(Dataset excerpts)
________________________________________

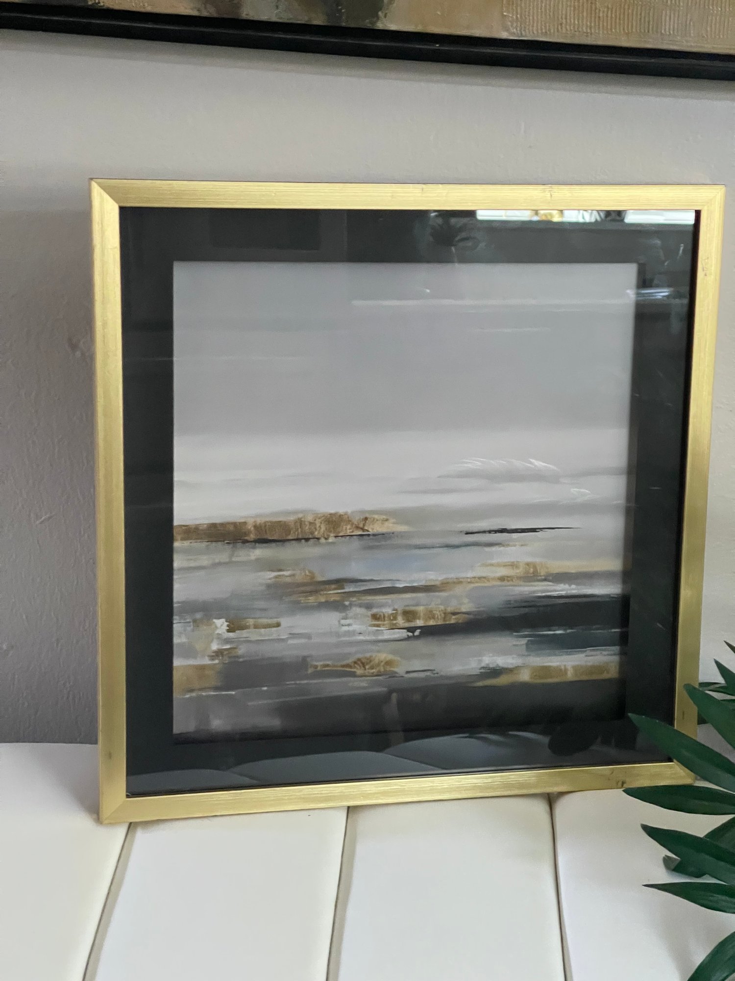 Abstract Landscape Art Piece, Shadow Box Framed with black mat and simple gold frame. Classy and sophisticated.
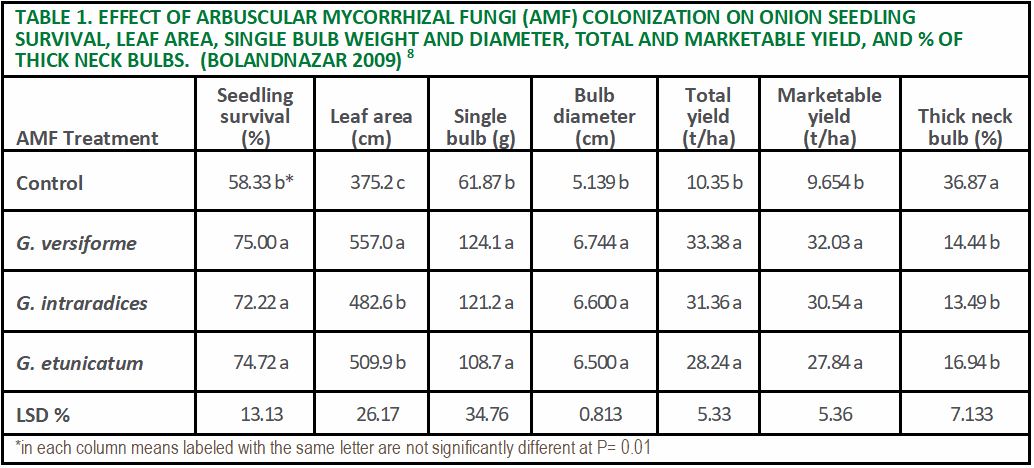 A study on the inoculation of onion seedlings with three different AMF found increased seedling survival, leaf area, bulb diameter, and yield with the three AMF tested (Table 1).8 A second study looking at the effects of mycorrhizal inoculation on both lettuce and onions grown in saline soils found that inoculation resulted in increased growth of both lettuce and onion plants and an increased tolerance for higher salinity levels.9 Another study found that AMF inoculation of cucumber seedlings resulted in lower levels of root knot nematode development, but there were variations in the level of effectiveness of the three AMF tested.10
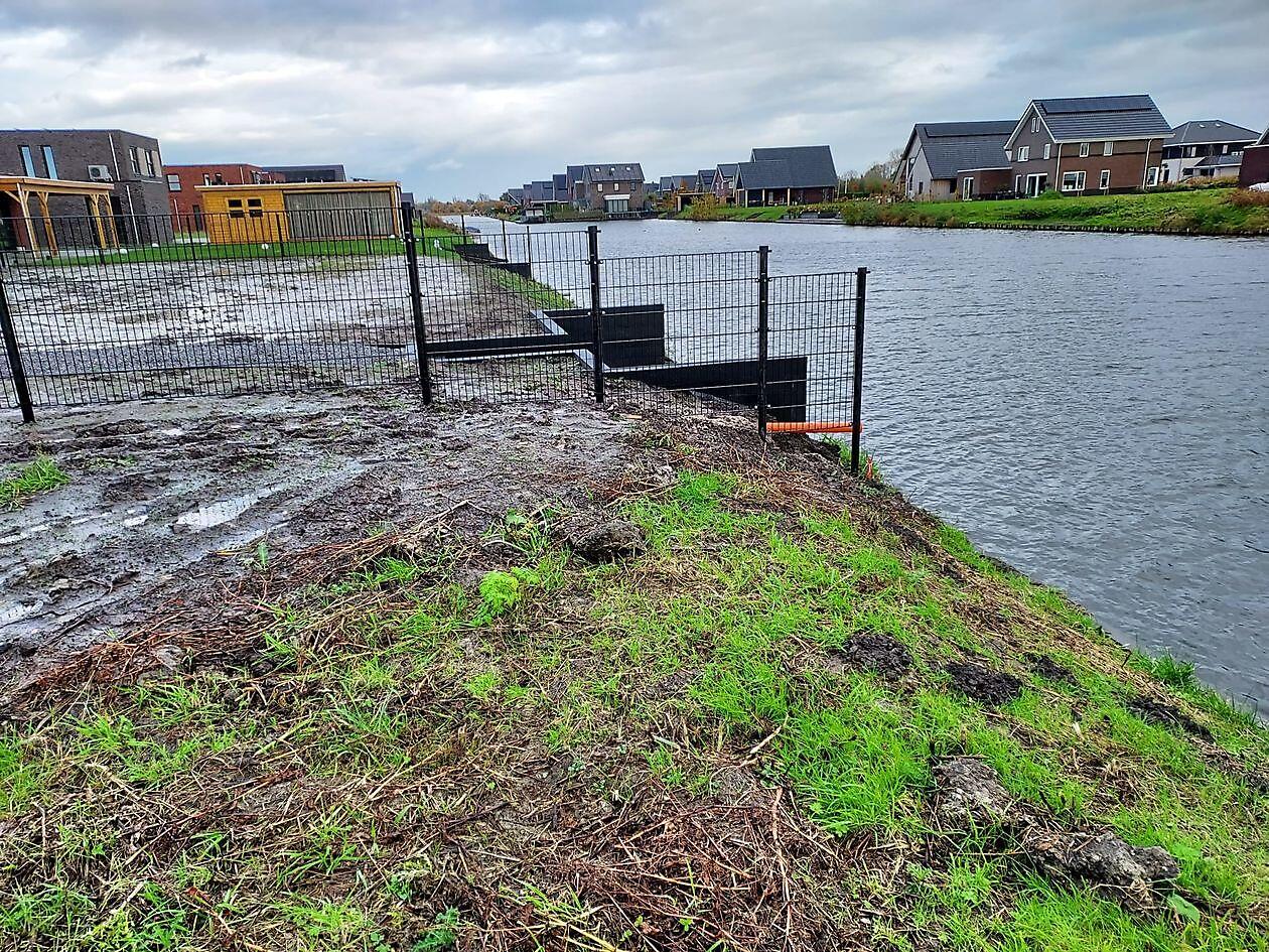 Ook is hier gekozen voor een slootwaaier middels dubbelstaafmatten, om dit netjes en veilig te krijgen in de slootwal.
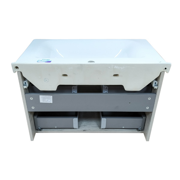 Подвесная тумба-умывальник с двумя выкатными ящиками. Ящики оснащены доводчиками для плавного закрывания.
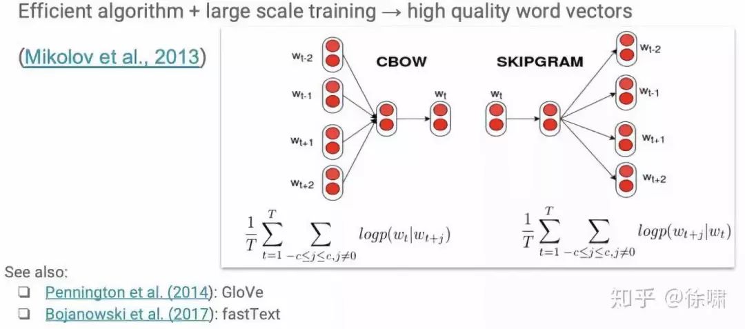 word2vec 的出现,极大促进了 NLP 的发展,尤其是促进了深度学习在 NLP 中的应用(不过word2vec 算法本身其实并不是一个深度模型,它只有两层全连接),利用预训练好的词向量来初始化网络结构的第一层几乎已经成了标配,尤其是在只有少量监督数据的情况下,如果不拿预训练的 embedding 初始化第一层,几乎可以被认为是在蛮干。
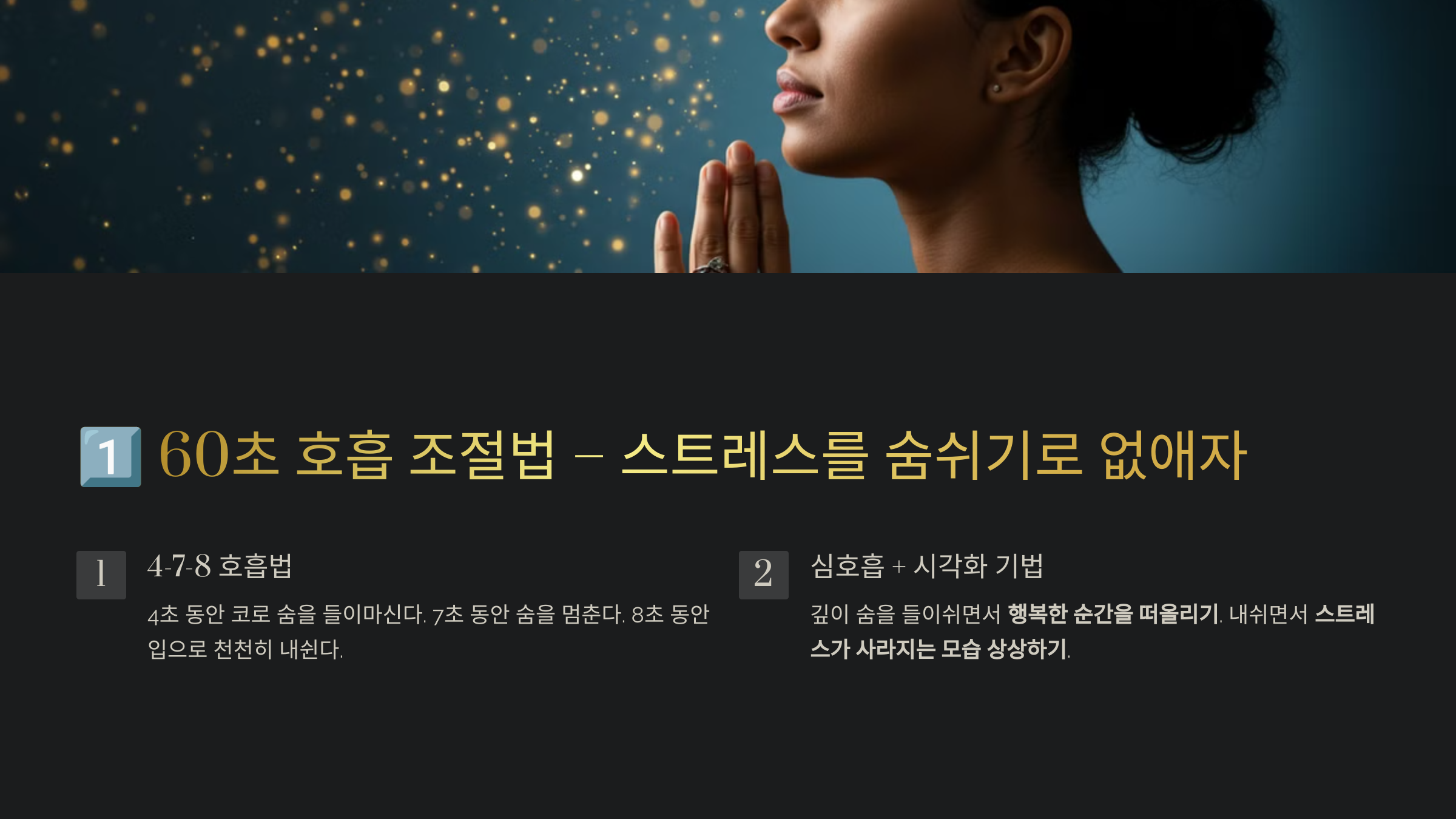 1️⃣ 60초 호흡 조절법 – 스트레스를 숨쉬기로 없애자
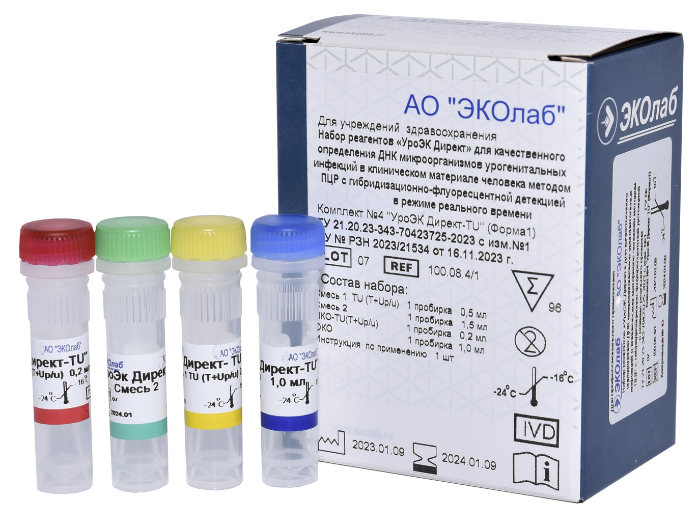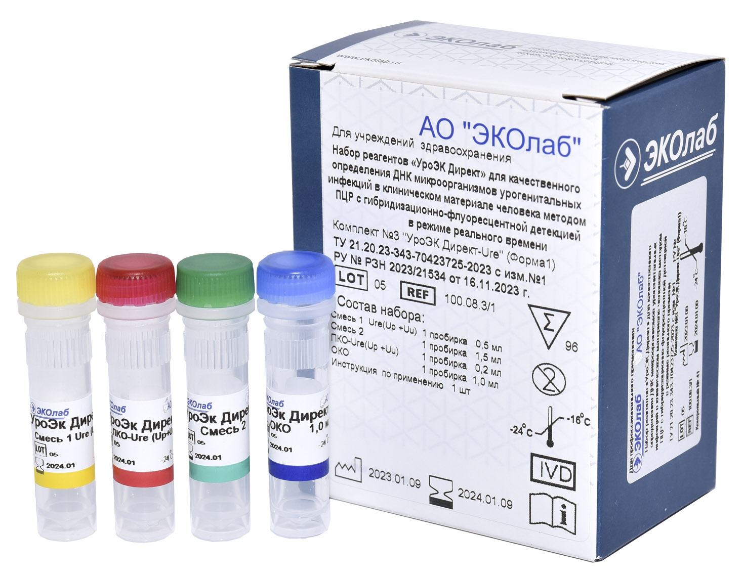 Набор реагентов «УроЭК Директ-Ure» для качественного определения ДНК урогенитальных уреаплазм (Ureaplasma parvum, Ureaplasma urealyticum) в клиническом материале человека методом ПЦР с гибридизационно-флуоресцентной детекцией в режиме реального времени.
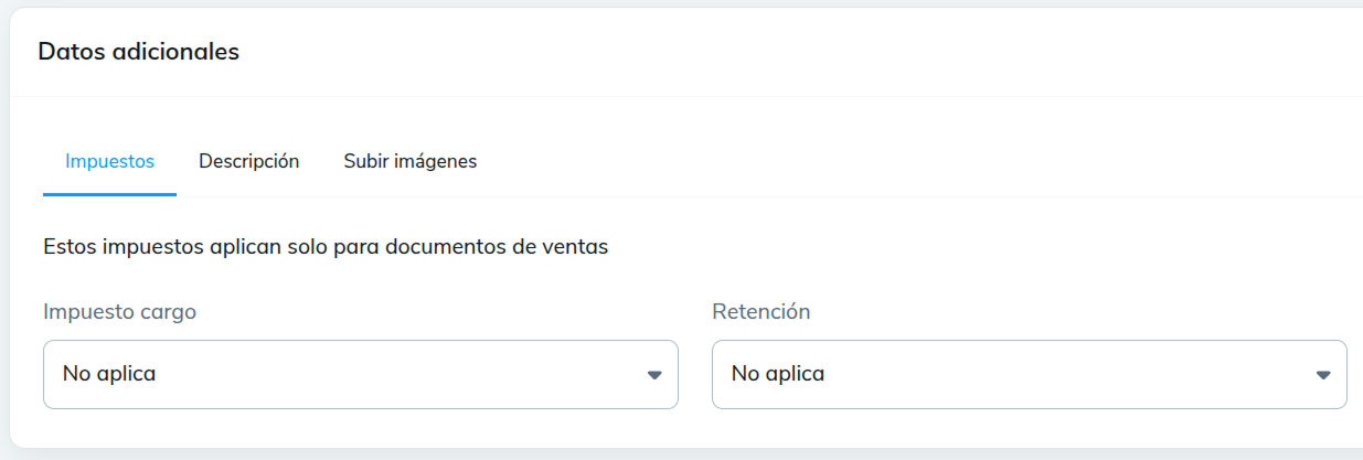 - Impuestos cargo: No aplica
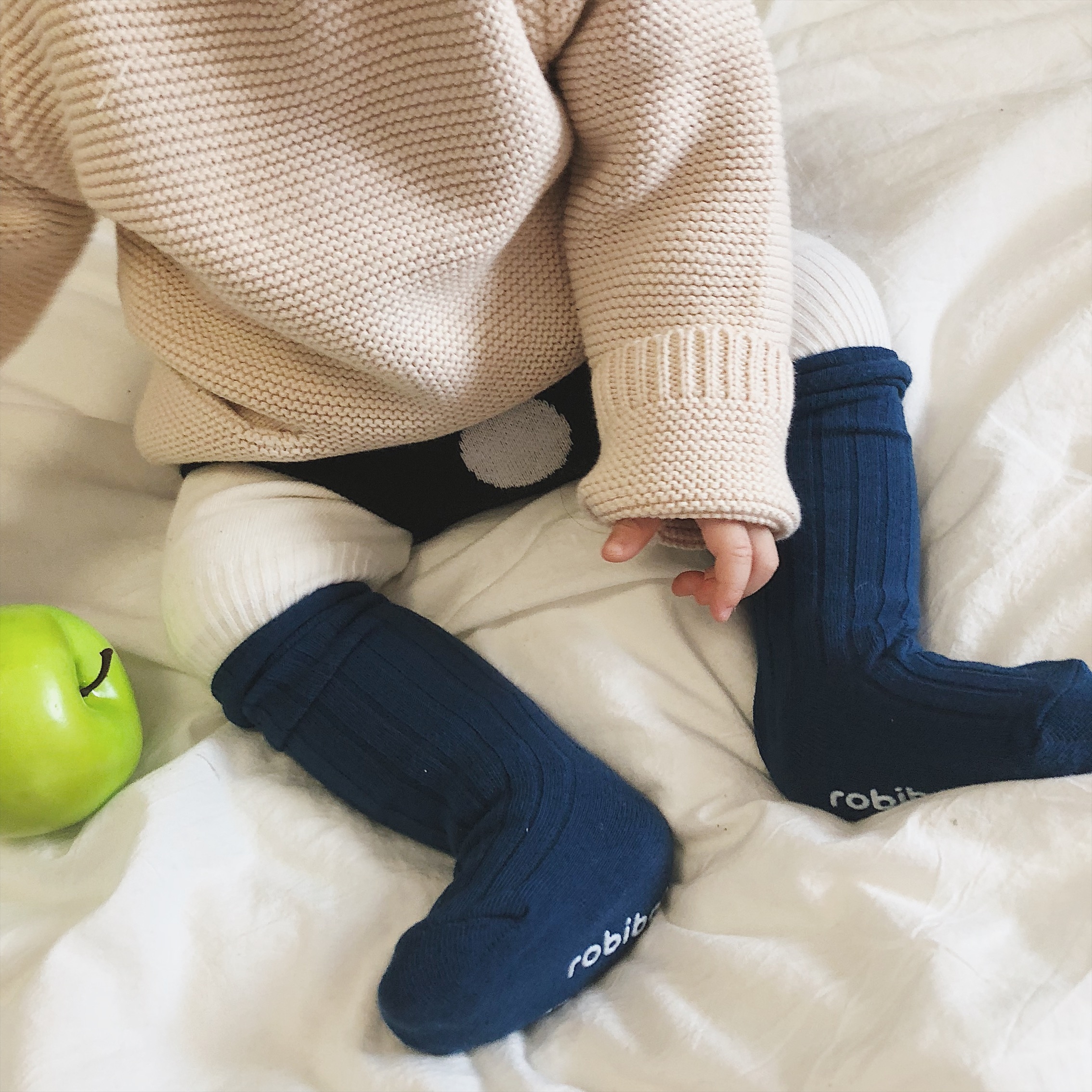 Korea ins and children socks elastic pure color pine high cylinder with rubber bottom non-slip floor male and female baby middle cylinder socks
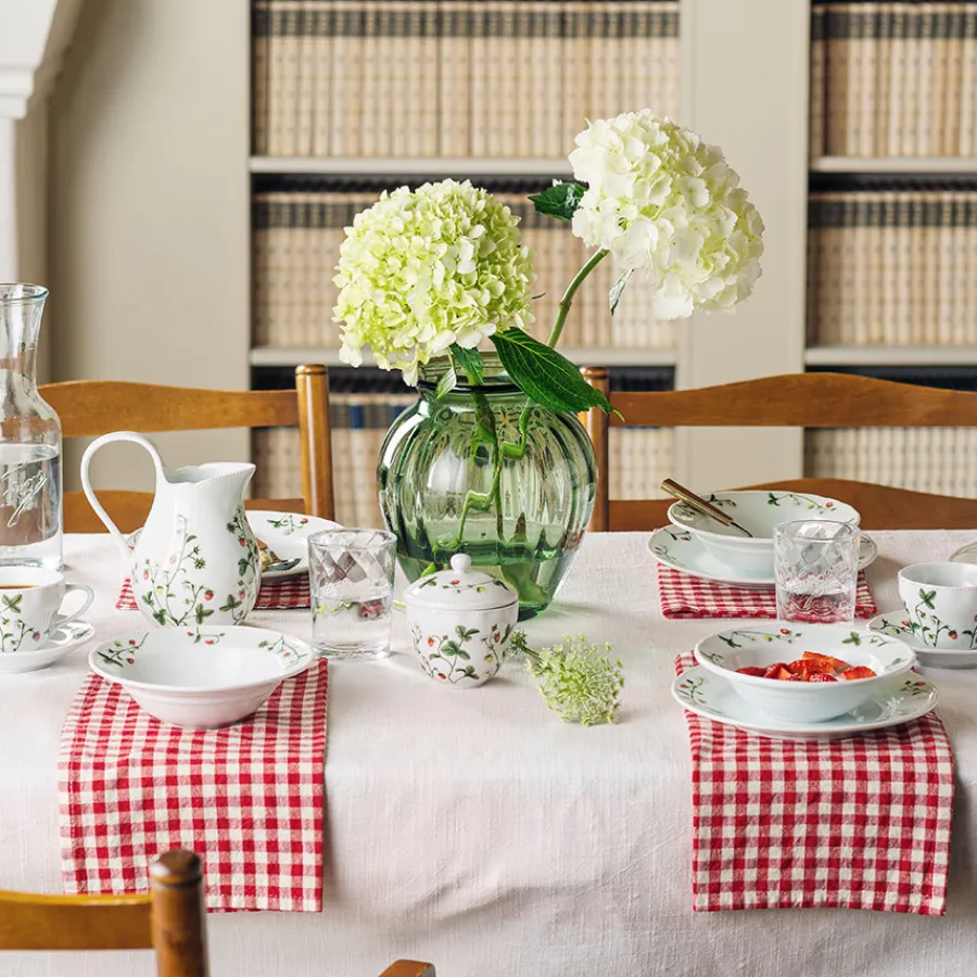Emily Vase i en størrelse på 23 cm i grønt optisk glass kombinerer klassisk design med en moderne vri. Den dype grønne fargen gir et varmt og sofistikert preg, og passer perfekt til både lyse og mørke interiørstiler. Det vakre optikkmønsteret i glasset gir liv og dybde til vasen, og skaper et lekkert lysspill som fremhever detaljene.Vasen er munnblåst og håndlaget, noe som gjør hvert eksemplar unikt. Med en høyde på 23 cm er den ideell for mindre og mellomstore buketter – eller som dekorasjon alene på et bord, en hylle eller i vinduet.
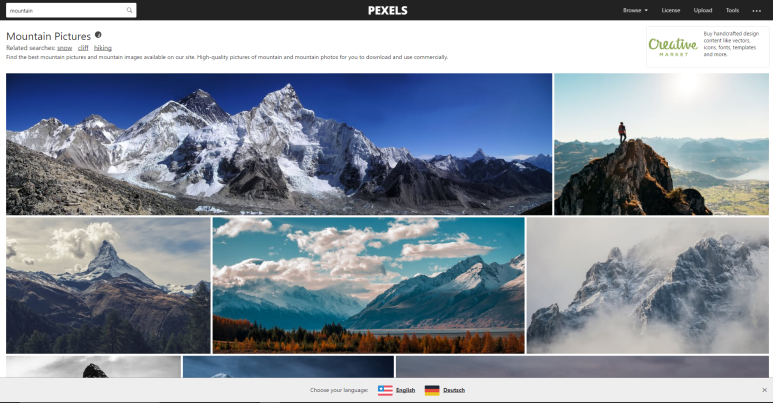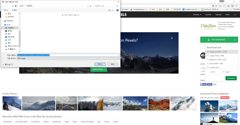 저는 Mountain을 쳐보았는데요 산 관련 고화질 이미지가 엄청 많이 뜨네요
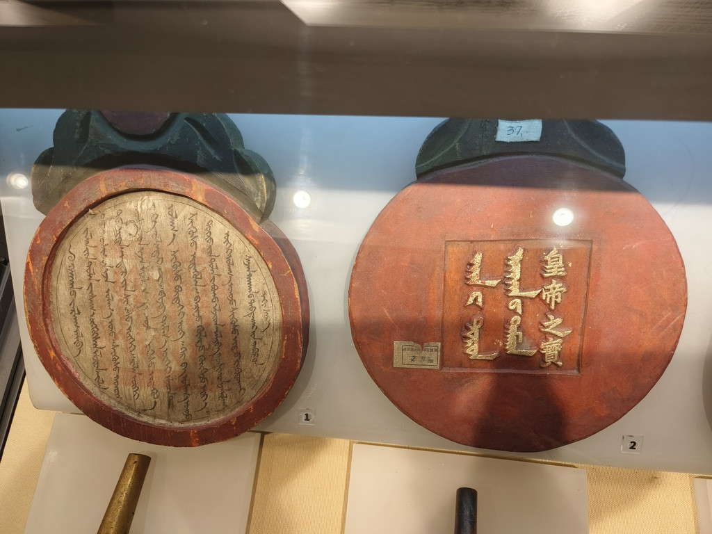 ↗努尔哈赤蒙文信牌、皇太极“皇帝之宝”信牌(清)。信牌是皇帝发布命令、传递诏谕的信凭物。
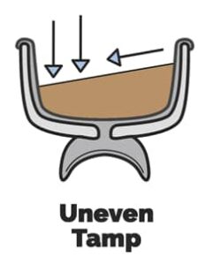 وجود ناحیهی بدون تمپ اطراف لبهی بسکت باعث میشود آب آسانتر از کنارهها عبور کند. بسیاری از تمپرها فقط ۵۸ میلیمتر عرض دارند (یا حتی باریکتر)، در حالی که عرض استاندارد بسکتها بهطور میانگین ۵۸.۷ میلیمتر است. این اختلاف ۰.۷ میلیمتری معادل حدود ۶۴ میلیمتر مربع سطح بدون تمپ است. وقتی لبههای تمپر هم خمیده یا پخ باشند، این سطح بیشتر هم میشود. استفاده از تمپر پهنتر با لبههای صاف و تیز سطح تمپشدهی پَک را به حداکثر میرساند.
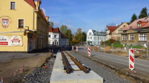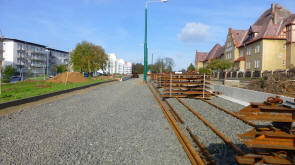 an der ehemaligen Überlandbahn die alten Gleisanlagen demontiert.

________________________________________

:: Requirement ::
What is wanted is a word-for-word restatement of the entries, without their images.

:: Answer area ::
 Abstract Landscape Art Piece, Shadow Box Framed with black mat and simple gold frame. Classy and sophisticated.
 A study on the inoculation of onion seedlings with three different AMF found increased seedling survival, leaf area, bulb diameter, and yield with the three AMF tested (Table 1).8 A second study looking at the effects of mycorrhizal inoculation on both lettuce and onions grown in saline soils found that inoculation resulted in increased growth of both lettuce and onion plants and an increased tolerance for higher salinity levels.9 Another study found that AMF inoculation of cucumber seedlings resulted in lower levels of root knot nematode development, but there were variations in the level of effectiveness of the three AMF tested.10
 Ook is hier gekozen voor een slootwaaier middels dubbelstaafmatten, om dit netjes en veilig te krijgen in de slootwal.
 Подвесная тумба-умывальник с двумя выкатными ящиками. Ящики оснащены доводчиками для плавного закрывания.
 word2vec 的出现,极大促进了 NLP 的发展,尤其是促进了深度学习在 NLP 中的应用(不过word2vec 算法本身其实并不是一个深度模型,它只有两层全连接),利用预训练好的词向量来初始化网络结构的第一层几乎已经成了标配,尤其是在只有少量监督数据的情况下,如果不拿预训练的 embedding 初始化第一层,几乎可以被认为是在蛮干。
 1️⃣ 60초 호흡 조절법 – 스트레스를 숨쉬기로 없애자
 Набор реагентов «УроЭК Директ-Ure» для качественного определения ДНК урогенитальных уреаплазм (Ureaplasma parvum, Ureaplasma urealyticum) в клиническом материале человека методом ПЦР с гибридизационно-флуоресцентной детекцией в режиме реального времени.
 - Impuestos cargo: No aplica
 Korea ins and children socks elastic pure color pine high cylinder with rubber bottom non-slip floor male and female baby middle cylinder socks
Emily Vase i en størrelse på 23 cm i grønt optisk glass kombinerer klassisk design med en moderne vri. Den dype grønne fargen gir et varmt og sofistikert preg, og passer perfekt til både lyse og mørke interiørstiler. Det vakre optikkmønsteret i glasset gir liv og dybde til vasen, og skaper et lekkert lysspill som fremhever detaljene.Vasen er munnblåst og håndlaget, noe som gjør hvert eksemplar unikt. Med en høyde på 23 cm er den ideell for mindre og mellomstore buketter – eller som dekorasjon alene på et bord, en hylle eller i vinduet.
 저는 Mountain을 쳐보았는데요 산 관련 고화질 이미지가 엄청 많이 뜨네요
 ↗努尔哈赤蒙文信牌、皇太极“皇帝之宝”信牌(清)。信牌是皇帝发布命令、传递诏谕的信凭物。
 وجود ناحیهی بدون تمپ اطراف لبهی بسکت باعث میشود آب آسانتر از کنارهها عبور کند. بسیاری از تمپرها فقط ۵۸ میلیمتر عرض دارند (یا حتی باریکتر)، در حالی که عرض استاندارد بسکتها بهطور میانگین ۵۸.۷ میلیمتر است. این اختلاف ۰.۷ میلیمتری معادل حدود ۶۴ میلیمتر مربع سطح بدون تمپ است. وقتی لبههای تمپر هم خمیده یا پخ باشند، این سطح بیشتر هم میشود. استفاده از تمپر پهنتر با لبههای صاف و تیز سطح تمپشدهی پَک را به حداکثر میرساند.
 an der ehemaligen Überlandbahn die alten Gleisanlagen demontiert.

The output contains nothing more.